I can create a PR with this when I get free time. I have a paper deadline (April 20th) and I cannot really guarantee you that I'll be able to do it before that, since I also need to document it well and write tests.

bkleyn commented 2 years ago

You're right that the algorithm in the lecture notes use a uninformative Normal(0, 1) prior (i.e., zero mean and unit variance for all arms). However, the posterior variance for each arm will depend on the number of decisions (samples) observed. I think this is consistent with the current Thompson Sampling implementation in MABWiser that starts with a Beta(1, 1) prior which is updated such that the posterior for each arm will have a different mean and variance from the same distribution.

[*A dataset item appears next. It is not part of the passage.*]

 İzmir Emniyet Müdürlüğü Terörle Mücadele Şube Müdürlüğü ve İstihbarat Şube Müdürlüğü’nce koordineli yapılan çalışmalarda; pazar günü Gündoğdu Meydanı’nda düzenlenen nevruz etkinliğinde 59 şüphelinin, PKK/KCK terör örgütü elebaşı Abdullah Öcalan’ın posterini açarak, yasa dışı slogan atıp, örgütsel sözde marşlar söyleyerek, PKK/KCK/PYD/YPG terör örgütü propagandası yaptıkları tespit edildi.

No rush on this. Happy to pick up later if/when you more time.

skadio commented 2 years ago

@jaywonchung good luck with your submission! This of course takes high priority with or without mabwiser.

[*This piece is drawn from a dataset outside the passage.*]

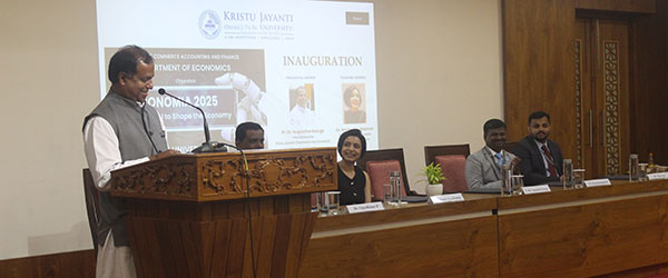 The Department of Economics, School of Commerce, Accounting and Finance, Kristu Jayanti (Deemed to be University), inaugurated ECONOMIA 2025, its intrauniversity fest, on 9th September 2025 at the H2 Auditorium, Humanities Block. The fest, themed “Leveraging AI to Shape the Economy”, was exclusively designed for undergraduate economics students to foster intellectual growth and creativity. Fr. Dr. Augustine George, Vice Chancellor, delivered the presidential address, highlighting the importance of academic initiatives in preparing students to become future leaders and innovators. The inaugural address was delivered by Dr. Smrite Goudhaman, Pre-Sales Solution Leader, Datamatics, Bengaluru, who emphasized the growing role of Artificial Intelligence in all spheres of life and urged students to embrace emerging technological opportunities. Her address inspired participants to think critically about how AI can reshape economies and societies. The festival featured four major competitive events, attended by 123 students: Economic Policy Formation, Debate, Just A Minute (JAM), and Quiz—each designed to enhance students’ analytical, communication, and problem-solving skills. The Economic Policy Formation event allowed students to design innovative policies to tackle contemporary challenges, while the Debate encouraged logical reasoning and the articulation of diverse perspectives. JAM tested spontaneity and quick thinking, whereas the Quiz assessed knowledge of economics, AI, and current affairs. Each event saw enthusiastic participation, reflecting the energy and intellectual curiosity of the student community. The fest provided a vibrant platform for applying classroom knowledge in practical and engaging ways. ECONOMIA 2025 successfully combined academic rigor with creativity, leaving students motivated to explore the future of economics in an AI-driven world.

I am enjoying the technical brainstorming on the thread, and others might also find it useful. If it works out, especially it works well in your own experiments/paper, I would encourage the introduction of a new bandit as suggested.

We have a detailed write-up that shows a step-by-step intro to how to add a new bandit to mabwiser here https://fidelity.github.io/mabwiser/new_bandit.html. When you go that route, I can see us collaborating on the same PR --which might be fun! :)

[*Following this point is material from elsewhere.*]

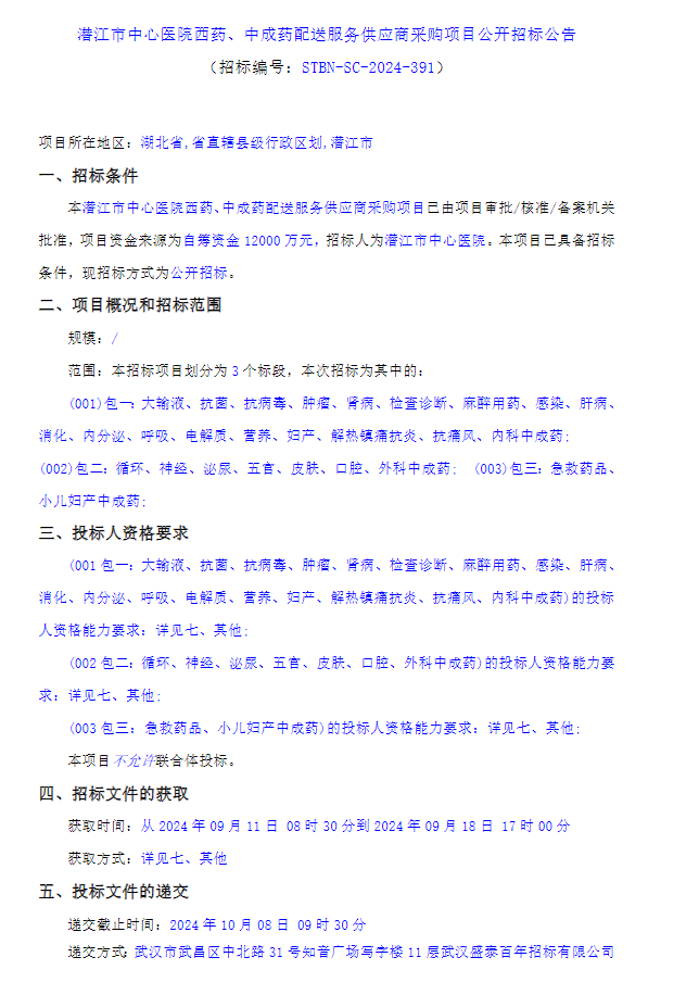 【潜江市中心医院】湖北省潜江市中心医院西药、中成药配送服务供应商采购项目公开招标公告

Good luck with your paper!

Serdar

jaywonchung commented 2 years ago

@skadio Thanks!! đź‘Ť

@bkleyn

I thought the uninformative Beta(1, 1) prior (which assigns identical likelihood to all possible p values) counterpart for our case where the likelihood function is Gaussian with unknown mean and known variance should be Normal(0, inf). Reference: Section 2.7 of https://www.cs.ubc.ca/~murphyk/Papers/bayesGauss.pdf. Though this is an improper prior, it's posterior will become proper given at least one observation (with mean equal to the observation and variance equal to the reward distribution's variance). Assuming this makes sense, I think we might still allow the user to specify the mean and variance of the prior distribution of mu, but default to 0 and inf if not given. Initial calls to predict when there are still arms with improper priors should be treated as part of an initial exploration stage, where we must try one random cold arm.

About the unit variance I mentioned in the previous comment, I was actually talking about our reward distribution (Gaussian with unknown mean (mu) and known variance), not the prior distribution for mu. Say for instance a use case of this bandit observes rewards [1, 2, 3, 4, 5] (variance 2), and another different use case observes [100, 200, 300, 400, 500] (variance 20000), and this difference in "scale" might not known when the bandit is constructed (a purely online case where there is no training set). Forcing the user to select unit variance for the reward distribution considering this scale problem seemed suboptimal to me. If so, we should allow the user to choose the variance of the reward distribution.

skadio commented 2 years ago

Hope all is well, and your submission is now all good! Let’s us archive this issue now for future reference inc case it comes handy for others. Thank you again for the positive feedback!